All this does not explain why the man who made millions on Bond left the Bond set in such a huff. Maybe it was truly a case of mistaken identity. An old friend, Ted Allan, who wrote the play Connery tried producing in one of his many post-Bond ventures, said of Sean, "he is so unlike the Bond character that it's hilarious. He's a poet, you know. He writes very good poetry. And he has just written a ballet." James Bond is a flamboyant Englishman who never read a book or listened to music. Sean Connery is a quiet Scotsman who told Oriana Fallaci, "I know the image people have of me-a fellow devoid of intellectual capacity, boorish, aggressive. But truly I am a simple man with few faults and few virtues. Among the latter you can count a sense of humor, a sense of the ridiculous, a sense of the true value of money, a sense of morality and a sense of truth." He constantly harps back to his roles as Shakespeare's Macbeth and Iago, which he played in Stratford; not to mention Pirandello, Euripides and many heavy television roles.

Certainly the millions he made on Bond has allowed him the freedom to create as he wants, from doing a painting for the book jacket of his wife Diane Cilento's first novel to acting in The Hill, a movie which was an A-l success in Connery's own book.

It was in October, 1966, when Connery made his official announcement that he and Bond were indeed parting ways and they would have to learn to live without each other.
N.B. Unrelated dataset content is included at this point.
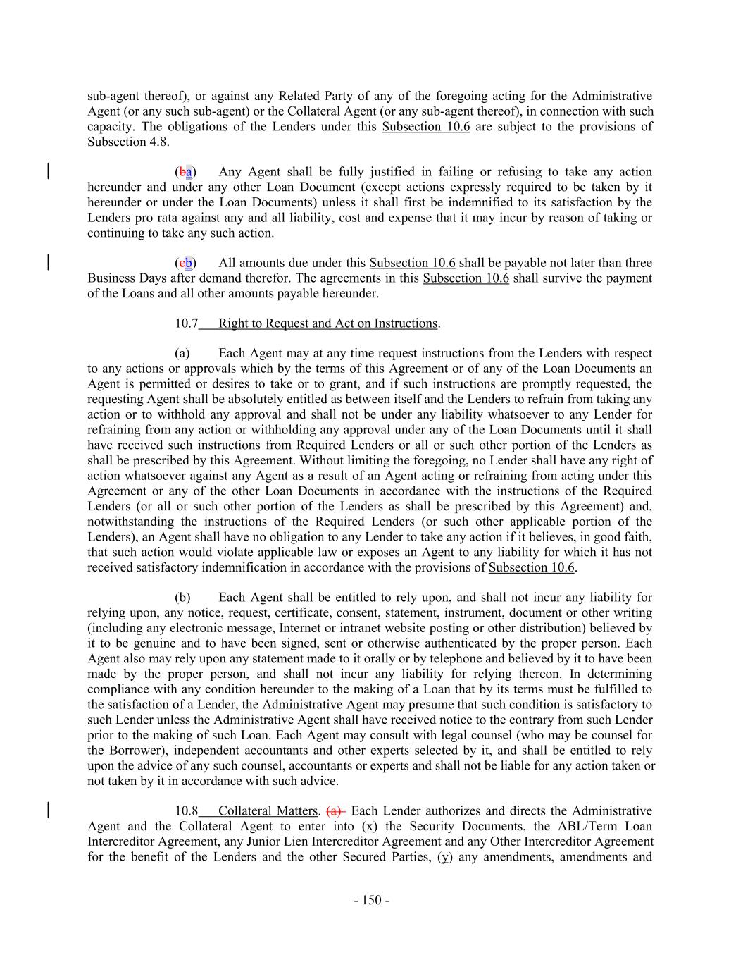 sub-agent thereof), or against any Related Party of any of the foregoing acting for the Administrative Agent (or any such sub-agent) or the Collateral Agent (or any sub-agent thereof), in connection with such capacity. The obligations of the Lenders under this Subsection 10.6 are subject to the provisions of Subsection 4.8. (ba) Any Agent shall be fully justified in failing or refusing to take any action hereunder and under any other Loan Document (except actions expressly required to be taken by it hereunder or under the Loan Documents) unless it shall first be indemnified to its satisfaction by the Lenders pro rata against any and all liability, cost and expense that it may incur by reason of taking or continuing to take any such action. (cb) All amounts due under this Subsection 10.6 shall be payable not later than three Business Days after demand therefor. The agreements in this Subsection 10.6 shall survive the payment of the Loans and all other amounts payable hereunder. 10.7 Right to Request and Act on Instructions. (a) Each Agent may at any time request instructions from the Lenders with respect to any actions or approvals which by the terms of this Agreement or of any of the Loan Documents an Agent is permitted or desires to take or to grant, and if such instructions are promptly requested, the requesting Agent shall be absolutely entitled as between itself and the Lenders to refrain from taking any action or to withhold any approval and shall not be under any liability whatsoever to any Lender for refraining from any action or withholding any approval under any of the Loan Documents until it shall have received such instructions from Required Lenders or all or such other portion of the Lenders as shall be prescribed by this Agreement. Without limiting the foregoing, no Lender shall have any right of action whatsoever against any Agent as a result of an Agent acting or refraining from acting under this Agreement or any of the other Loan Documents in accordance with the instructions of the Required Lenders (or all or such other portion of the Lenders as shall be prescribed by this Agreement) and, notwithstanding the instructions of the Required Lenders (or such other applicable portion of the Lenders), an Agent shall have no obligation to any Lender to take any action if it believes, in good faith, that such action would violate applicable law or exposes an Agent to any liability for which it has not received satisfactory indemnification in accordance with the provisions of Subsection 10.6. (b) Each Agent shall be entitled to rely upon, and shall not incur any liability for relying upon, any notice, request, certificate, consent, statement, instrument, document or other writing (including any electronic message, Internet or intranet website posting or other distribution) believed by it to be genuine and to have been signed, sent or otherwise authenticated by the proper person. Each Agent also may rely upon any statement made to it orally or by telephone and believed by it to have been made by the proper person, and shall not incur any liability for relying thereon. In determining compliance with any condition hereunder to the making of a Loan that by its terms must be fulfilled to the satisfaction of a Lender, the Administrative Agent may presume that such condition is satisfactory to such Lender unless the Administrative Agent shall have received notice to the contrary from such Lender prior to the making of such Loan. Each Agent may consult with legal counsel (who may be counsel for the Borrower), independent accountants and other experts selected by it, and shall be entitled to rely upon the advice of any such counsel, accountants or experts and shall not be liable for any action taken or not taken by it in accordance with such advice. 10.8 Collateral Matters. (a) Each Lender authorizes and directs the Administrative Agent and the Collateral Agent to enter into (x) the Security Documents, the ABL/Term Loan Intercreditor Agreement, any Junior Lien Intercreditor Agreement and any Other Intercreditor Agreement for the benefit of the Lenders and the other Secured Parties, (y) any amendments, amendments and - 150 -

Then he stated that he was 35 and he promised himself he would spend the next 35 years doing only things that excited him.

His last release, Shalako, and the next to come, The Molly Maguires, make him feel that he is doing just these exciting, creative things that he always wanted to. "I'm 37 and I realize I'm half way there. So I intend to get the most out of life. I won't put up with bores any longer, or have people living off my back. And having made the jump from employee to employer, I now intend to help a few mates."

For this he has the much-needed time he complained he lacked in his Bond days. He said before he quit, "I didn't mind the Bond pictures so much," even though he expressed a certain amount of ambivalence. "They're like comic strips. The producers constantly have to come up with bigger and bigger gimmicks." But the one thing that bugged him was the lack of free time. "The Bond films came around so often. I was held up on Marnie with Hitchcock for five months, then had to go immediately into From Russia With Love. I went from The Hill directly into Thunderball without a break. In one film I had to race off to Switzerland to shoot before the snow melted and the tourists arrived. Why should I have raced from one picture to the next without enjoying life? Those Bond films were not easy. One had me in the ocean or in the tank day after day. We shot night after night, working from six in the evening until six in the morning. Then I wouldn't be able to sleep in the terrible Caribbean heat. Instead I would get up and play golf. Meanwhile the publicity department kept coming at me with requests for interviews and got upset when I didn’t have the time to do them, let alone sleep or eat.  It was all too much!”